Netherlands mandatory disclosure
The legislative proposal is the Netherlands implementation of an EU directive that requires all EU member states to implement mandatory disclosure rules. Under these rules, intermediaries and, in some cases, taxpayers, must report cross-border arrangements that meet certain hallmarks to the tax authorities.
The definition of intermediaries is very broad.
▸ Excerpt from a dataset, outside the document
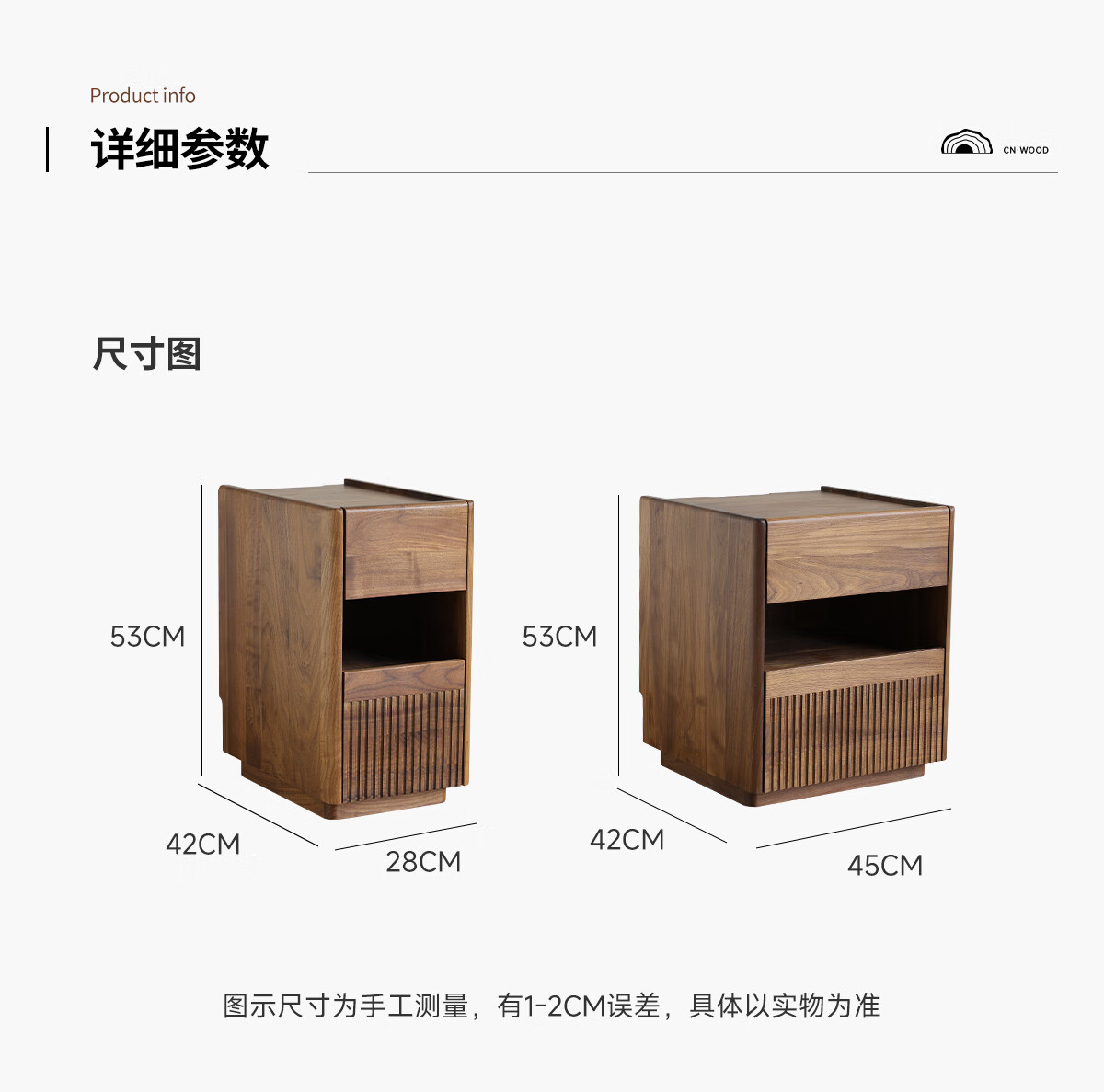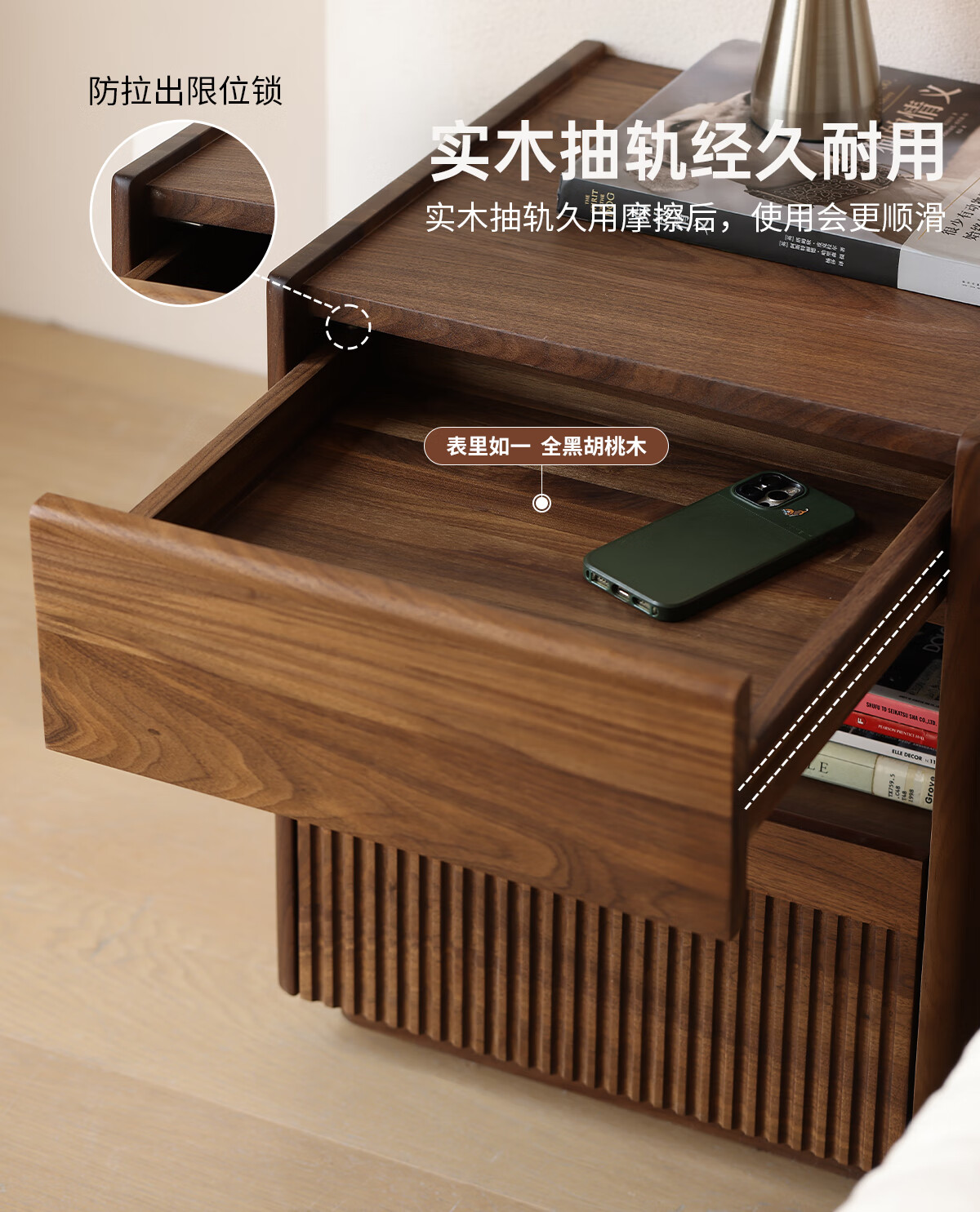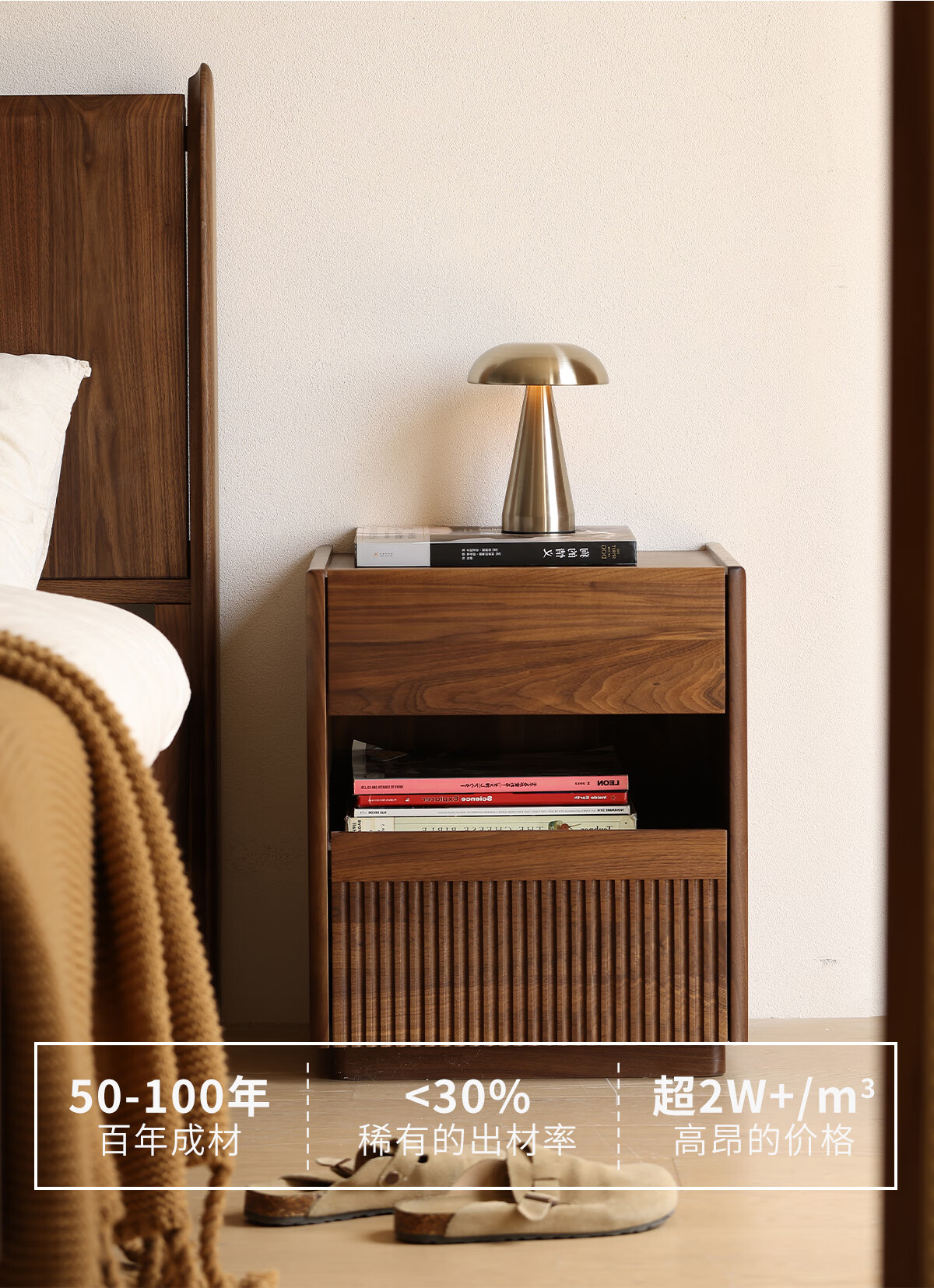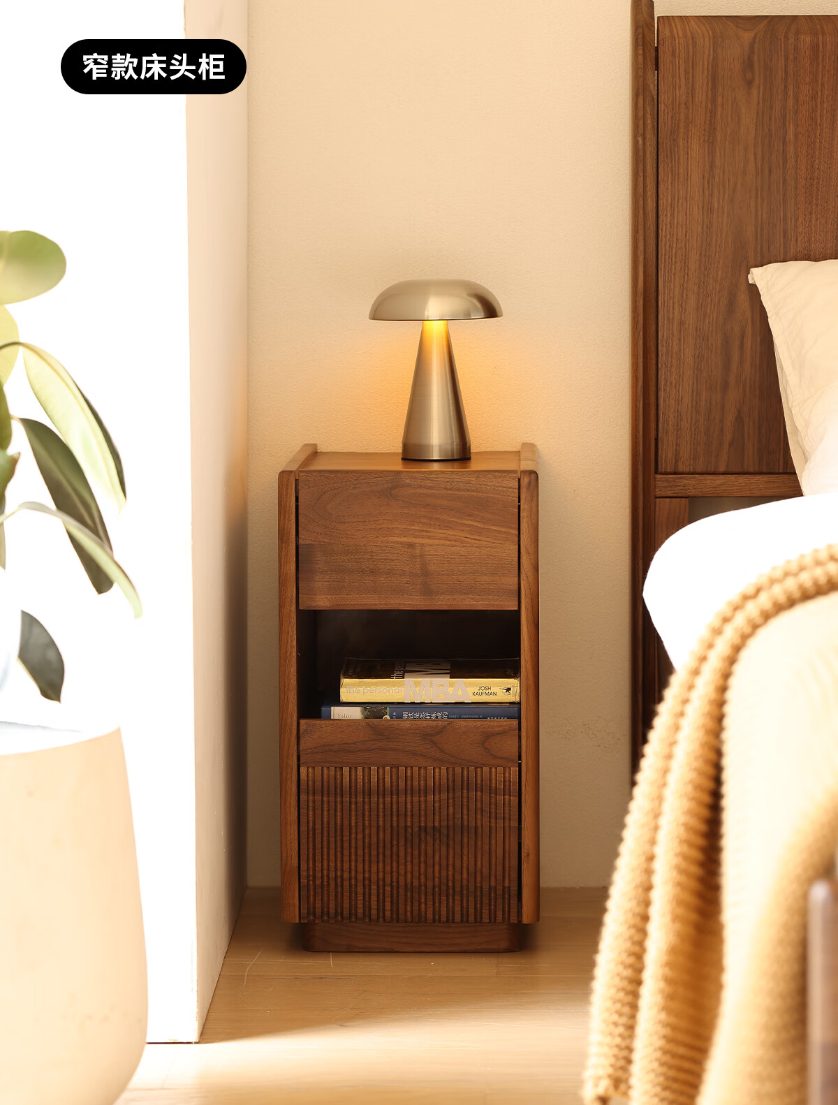 晨物北美黑胡桃木床头柜纯实木卧室置物柜床边柜床头置物架主卧收纳柜 问纤·床头柜28*42*53cm

An intermediary is defined as any person that designs, markets, organizes, or makes available for implementation or manages the implementation of a reportable cross-border arrangement.
The legislation fully enters into force on July 1, 2020, but applies to any and all reportable cross-border arrangements implemented between June 25, 2018, and June 30, 2020. The deadline for reporting is August 31, 2020.
Reportable cross-border arrangements
Cross-border arrangements with certain “hallmarks” are reportable if the main benefit or one of the main benefits is the obtaining of a tax advantage.
These include arrangements where taxpayer must comply with confidentiality obligations on how the tax benefit is obtained; where intermediary’s fee is dependent on the tax advantage; where the arrangements is based on standardized documentation without a need to be substantially customized for implementation; where a participant of an arrangement acquires a loss-making company to use the tax losses; arrangements that have the effect of converting income into income taxed at a lower rate or that is exempt; and arrangements that include circular transactions of funds, where the entities are without commercial function.
Other cross-border arrangements are reportable in all instances.
These include arrangements that involve deductible cross-border payments between associated enterprises where certain specific conditions are met; where deductions for the same depreciation on the asset is claimed in more than one jurisdiction; where relief from double taxation is claimed for the same item of income in more than one jurisdiction; arrangements that include transfers of assets where there is a material difference in the amount being treated as payable in consideration for the assets in those jurisdictions involved; arrangements where the reporting obligation under certain laws is frustrated; arrangements where the ultimate beneficial owners are unidentifiable; arrangements that use unilateral transfer pricing safe harbors; arrangements involving transfer of hard-to-value intangibles; and arrangements involving intragroup cross-border transfer of functions, risks, or assets, if the projected EBIT will shrink by at least 50% within 3 years.
The information obtained by the Dutch tax authorities is automatically exchanged with other EU member states.
Due to the wide scope of the definition of ‘intermediary’, the large number of ‘hallmarks’ and the difficulty of applying the ‘main benefit test’ for hallmarks, there is still a lot of uncertainty on what and when cross-border arrangements must be reported by intermediaries who do not directly advise clients on their structures, such as banks and trust offices.
The expectation is that more guidance will be provided in the course of the parliamentary proceedings.